PROBLEM REQUIREMENTS: In the records below, find the line with "ΥΠΕΝ/ΓΔΠΠ/35330/646/02.04.2024 (Β΄ 2364)", then retype it and every following line exactly, stopping after the line with "Szafka RTV o". Leave the pictures out.
*** RECORDS FOR THE TASK Section Begins ***
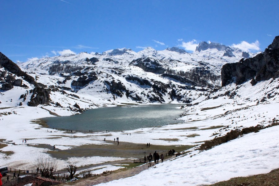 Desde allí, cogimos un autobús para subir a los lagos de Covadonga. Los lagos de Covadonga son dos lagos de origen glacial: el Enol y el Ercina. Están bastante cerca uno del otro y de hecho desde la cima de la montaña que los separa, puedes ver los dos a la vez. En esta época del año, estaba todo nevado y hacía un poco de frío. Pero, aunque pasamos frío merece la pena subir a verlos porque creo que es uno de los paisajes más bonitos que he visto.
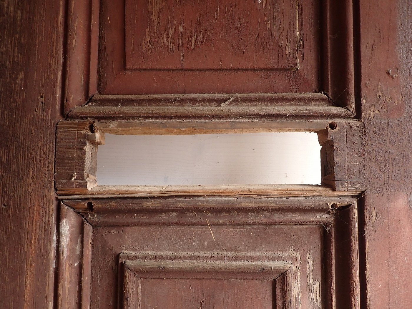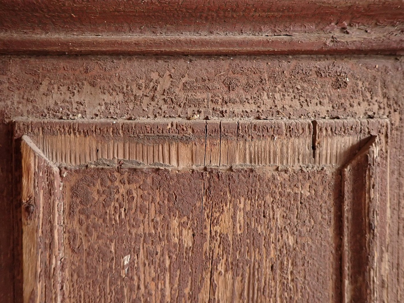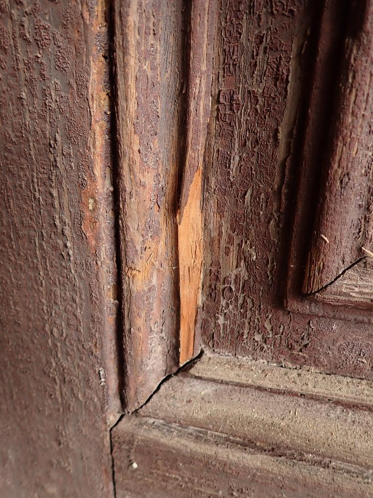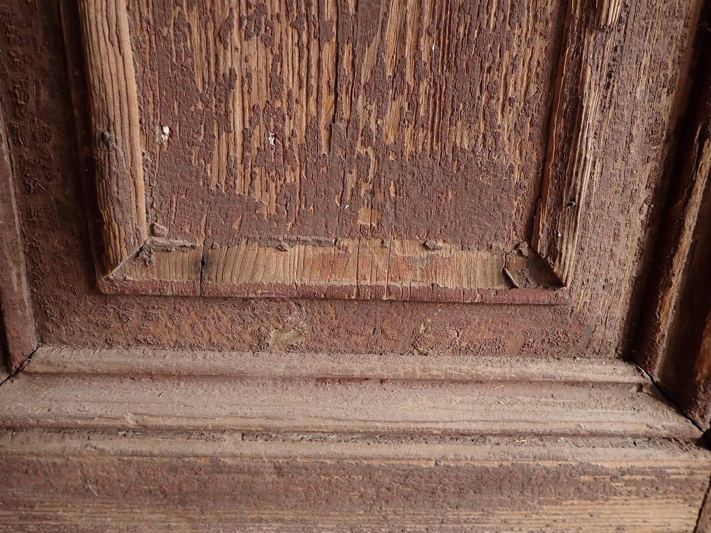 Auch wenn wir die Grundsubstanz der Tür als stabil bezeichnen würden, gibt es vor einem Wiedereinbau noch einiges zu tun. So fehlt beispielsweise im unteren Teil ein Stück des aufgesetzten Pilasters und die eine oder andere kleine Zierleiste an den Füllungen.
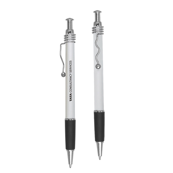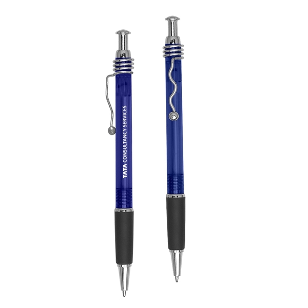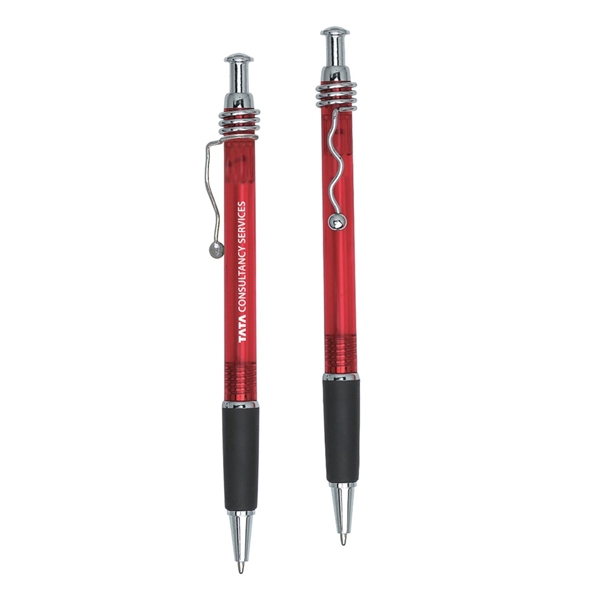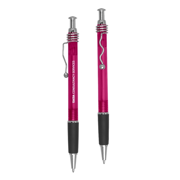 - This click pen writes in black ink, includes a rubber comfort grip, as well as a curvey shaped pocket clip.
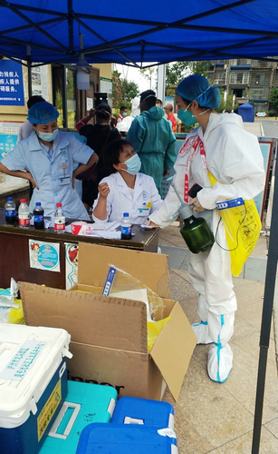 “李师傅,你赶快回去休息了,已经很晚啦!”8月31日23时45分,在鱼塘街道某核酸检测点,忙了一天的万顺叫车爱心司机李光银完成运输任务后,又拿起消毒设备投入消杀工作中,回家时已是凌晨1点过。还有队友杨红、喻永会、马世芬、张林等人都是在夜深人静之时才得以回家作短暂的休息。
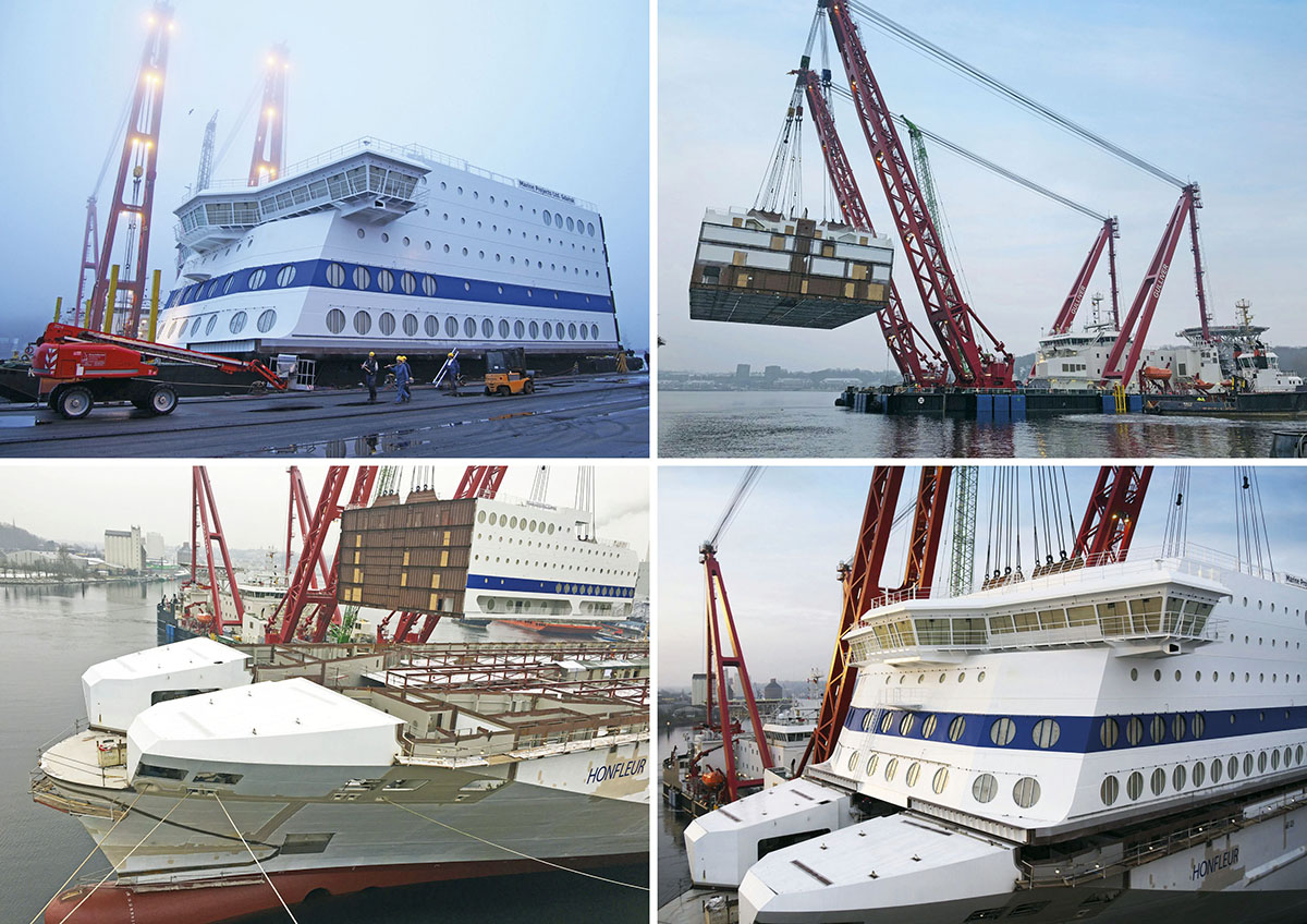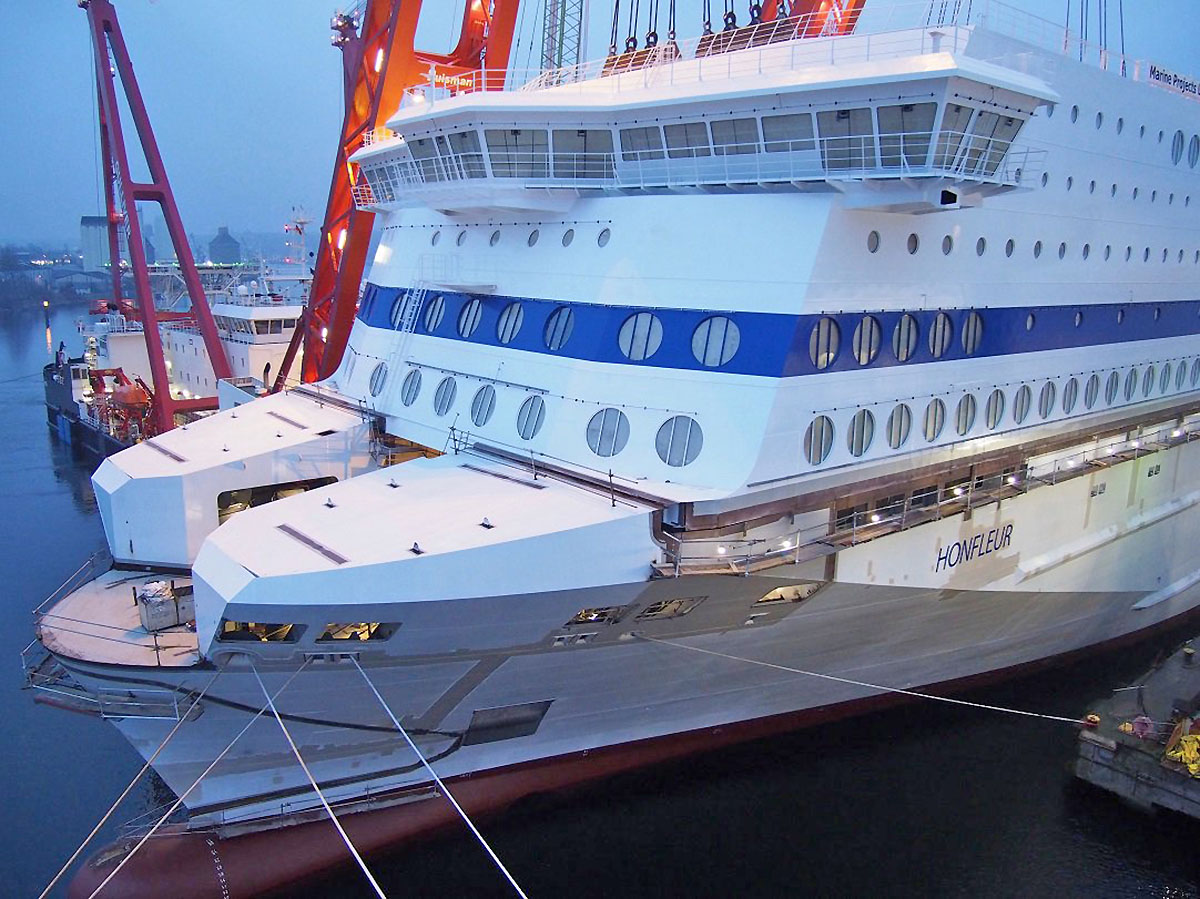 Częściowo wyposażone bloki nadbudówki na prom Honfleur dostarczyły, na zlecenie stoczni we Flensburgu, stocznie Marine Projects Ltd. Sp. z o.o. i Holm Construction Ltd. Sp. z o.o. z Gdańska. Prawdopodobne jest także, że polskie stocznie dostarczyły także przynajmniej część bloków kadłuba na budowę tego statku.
*** RECORDS FOR THE TASK Section Ends ***
*** RECORDS FOR THE TASK Section Begins ***
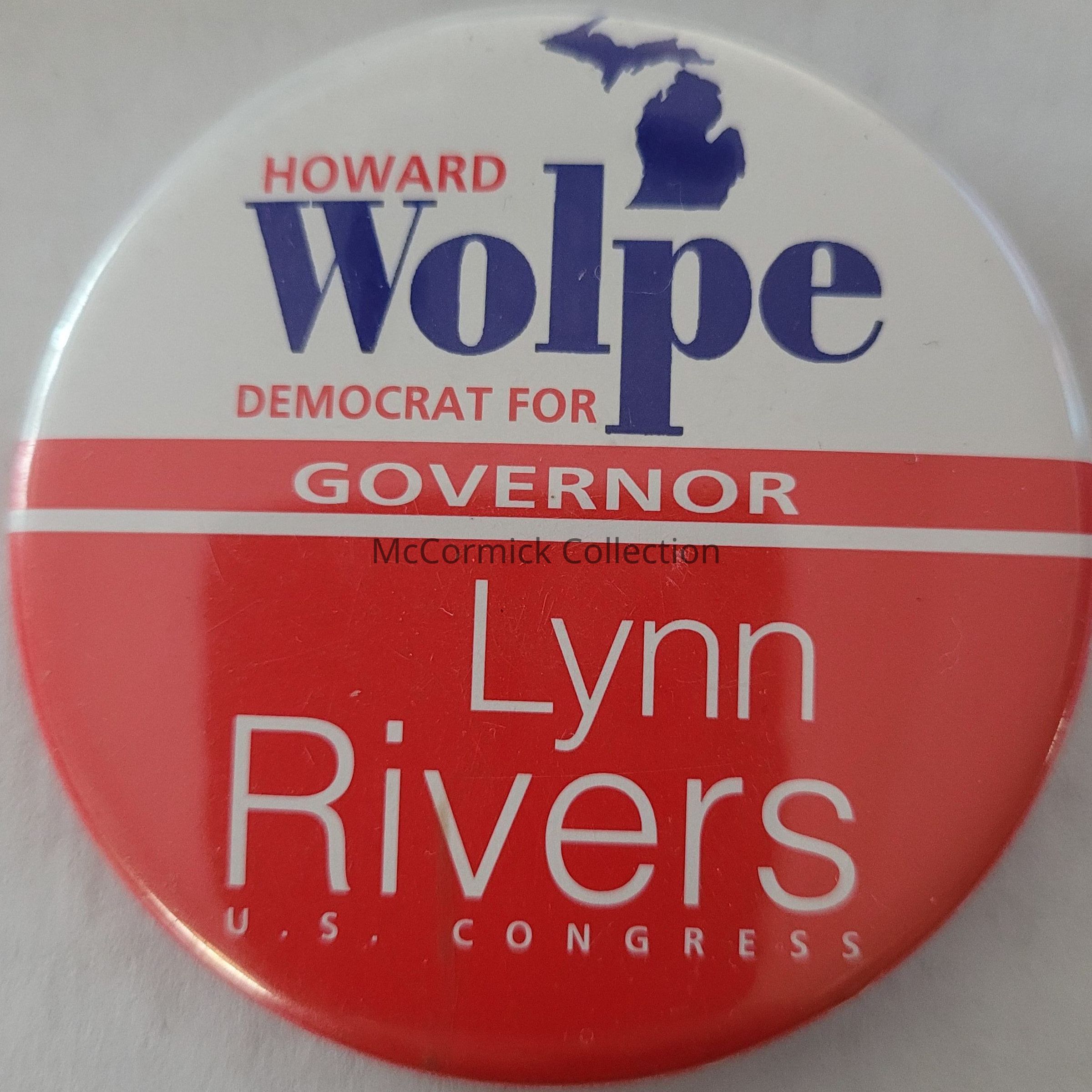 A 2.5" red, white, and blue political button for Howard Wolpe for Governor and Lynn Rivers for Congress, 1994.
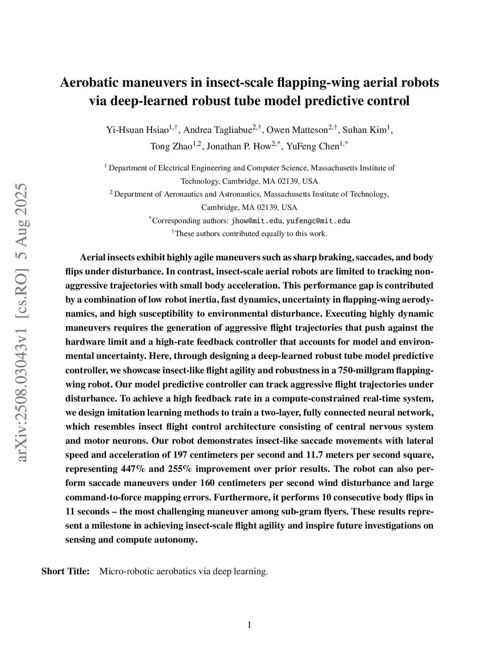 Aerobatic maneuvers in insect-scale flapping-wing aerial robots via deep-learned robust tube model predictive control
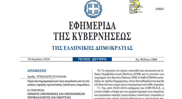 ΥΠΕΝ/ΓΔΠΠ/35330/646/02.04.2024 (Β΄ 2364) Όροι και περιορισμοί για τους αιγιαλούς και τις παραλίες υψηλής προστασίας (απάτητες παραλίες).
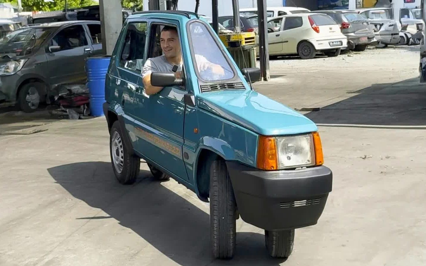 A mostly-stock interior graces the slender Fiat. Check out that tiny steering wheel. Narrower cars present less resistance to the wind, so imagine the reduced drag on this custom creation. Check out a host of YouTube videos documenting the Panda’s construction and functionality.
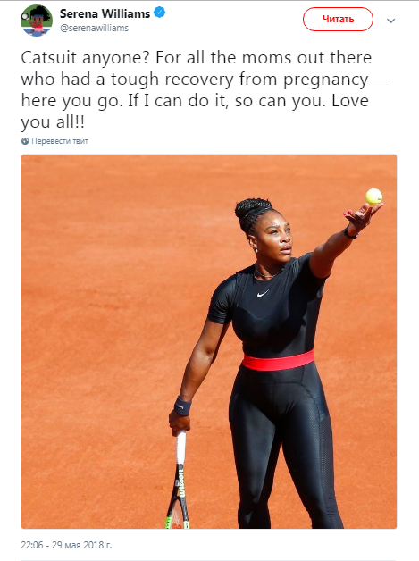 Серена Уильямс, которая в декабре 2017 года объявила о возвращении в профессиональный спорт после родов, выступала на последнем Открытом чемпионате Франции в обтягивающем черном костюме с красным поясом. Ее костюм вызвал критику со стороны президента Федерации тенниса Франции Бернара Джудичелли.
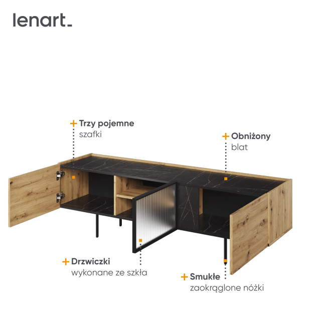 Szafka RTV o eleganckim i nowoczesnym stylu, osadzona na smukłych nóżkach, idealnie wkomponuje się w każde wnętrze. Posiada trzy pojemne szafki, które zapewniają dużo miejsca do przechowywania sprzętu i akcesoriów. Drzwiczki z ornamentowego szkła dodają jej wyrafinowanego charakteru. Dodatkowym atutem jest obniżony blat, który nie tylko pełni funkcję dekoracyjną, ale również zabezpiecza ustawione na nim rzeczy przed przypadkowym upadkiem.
*** RECORDS FOR THE TASK Section Ends ***
OUTPUT FOR THIS EXERCISE:
 ΥΠΕΝ/ΓΔΠΠ/35330/646/02.04.2024 (Β΄ 2364) Όροι και περιορισμοί για τους αιγιαλούς και τις παραλίες υψηλής προστασίας (απάτητες παραλίες).
 A mostly-stock interior graces the slender Fiat. Check out that tiny steering wheel. Narrower cars present less resistance to the wind, so imagine the reduced drag on this custom creation. Check out a host of YouTube videos documenting the Panda’s construction and functionality.
 Серена Уильямс, которая в декабре 2017 года объявила о возвращении в профессиональный спорт после родов, выступала на последнем Открытом чемпионате Франции в обтягивающем черном костюме с красным поясом. Ее костюм вызвал критику со стороны президента Федерации тенниса Франции Бернара Джудичелли.
 Szafka RTV o eleganckim i nowoczesnym stylu, osadzona na smukłych nóżkach, idealnie wkomponuje się w każde wnętrze. Posiada trzy pojemne szafki, które zapewniają dużo miejsca do przechowywania sprzętu i akcesoriów. Drzwiczki z ornamentowego szkła dodają jej wyrafinowanego charakteru. Dodatkowym atutem jest obniżony blat, który nie tylko pełni funkcję dekoracyjną, ale również zabezpiecza ustawione na nim rzeczy przed przypadkowym upadkiem.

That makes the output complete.